Gather#

../../../_images/magent_gather.gif

This environment is part of the MAgent environments. Please read that page first for general information.

Import

from pettingzoo.magent import gather_v4

Actions

Discrete

Parallel API

Yes

Manual Control

No

Agents

agents= [ omnivore_[0-494] ]

Agents

495

Action Shape

(33)

Action Values

Discrete(33)

Observation Shape

(15,15,5)

Observation Values

[0,2]

State Shape

(200, 200, 5)

State Values

(0, 2)

../../../_images/magent_gather_aec.svg

In gather, the agents gain reward by eating food. Food needs to be broken down by 5 “attacks” before it is absorbed. Since there is finite food on the map, there is competitive pressure between agents over the food. You expect to see that agents coordinate by not attacking each other until food is scarce. When food is scarce, agents may attack each other to try to monopolize the food. Agents can kill each other with a single attack.

Arguments#

gather_v4.env(minimap_mode=False, step_reward=-0.01, attack_penalty=-0.1,
dead_penalty=-1, attack_food_reward=0.5, max_cycles=500, extra_features=False)

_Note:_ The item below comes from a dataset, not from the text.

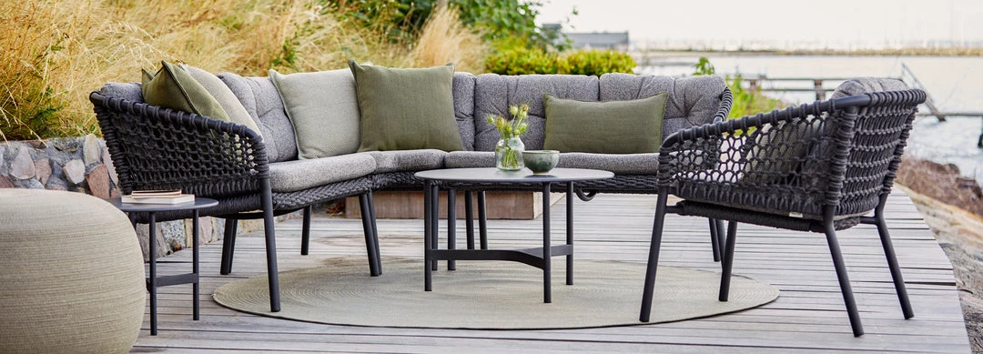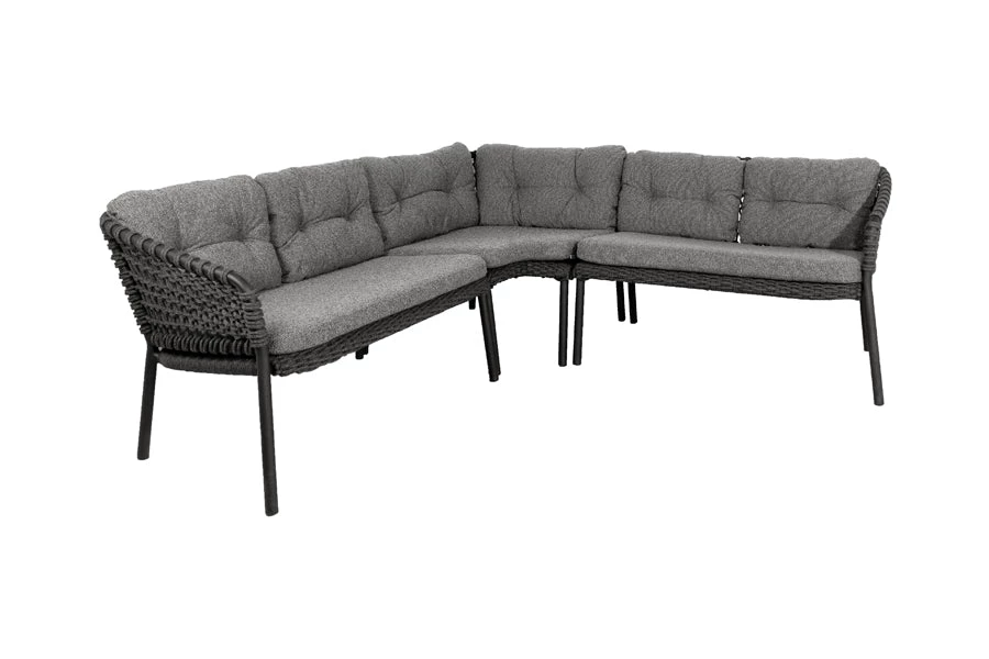 Designed by the Cane-line design team, the Ocean sofa corner module beautifully combines modern design and traditional craftsmanship. The Ocean sofa module is a flexible lounge concept that can be adapted to suit personal needs and preferences. The elegantly constructed lounge concept made with sturdy Cane-line Soft Rope on a strong aluminum frame has an incredibly soft and comfortable cushion in Cane-line Natté or Cane-line Wove. The frame and transparent expression lend an extremely light appearance. The modules are incredibly easy to move around if you want a new lounge area arrangement.

minimap_mode: Turns on global minimap observations. These observations include your and your opponents piece densities binned over the 2d grid of the observation space. Also includes your agent_position, the absolute position on the map (rescaled from 0 to 1).

step_reward: reward added unconditionally

dead_penalty: reward added when killed

attack_penalty: reward added for attacking

attack_food_reward: Reward added for attacking a food

max_cycles: number of frames (a step for each agent) until game terminates

extra_features: Adds additional features to observation (see table). Default False

Action Space#

Key: move_N means N separate actions, one to move to each of the N nearest squares on the grid.

Action options: [do_nothing, move_28, attack_4]

Reward#

Reward is given as:

  • 5 reward for eating a food (requires multiple attacks)

  • -0.01 reward every step (step_reward option)

  • -0.1 reward for attacking (attack_penalty option)

  • -1 reward for dying (dead_penalty option)

  • 0.5 reward for attacking a food (attack_food_reward option)

Observation space#

The observation space is a 15x15 map with the below channels (in order):

feature

number of channels

obstacle/off the map

1

omnivore_presence

1

omnivore_hp

1

omnivore_minimap(minimap_mode=True)

1

food_presense

1

food_hp

1

food_minimap(minimap_mode=True)

1

one_hot_action(extra_features=True)

33

last_reward(extra_features=True)

1

agent_position(minimap_mode=True)

2

State space#

The observation space is a 200x200 map. It contains the following channels, which are (in order):

feature

number of channels

obstacle map

1

omnivore_presence

1

omnivore_hp

1

food_presence

1

food_hp

1

one_hot_action(extra_features=True)

33 (max action space)

last_reward(extra_features=True)

1

Version History#

  • v4: Underlying library fix (1.18.0)

  • v3: Fixed bugs and changed default parameters (1.7.0)

  • v2: Observation space bound fix, bumped version of all environments due to adoption of new agent iteration scheme where all agents are iterated over after they are done (1.4.0)

  • v1: Agent order under death changed (1.3.0)

  • v0: Initial versions release (1.0.0)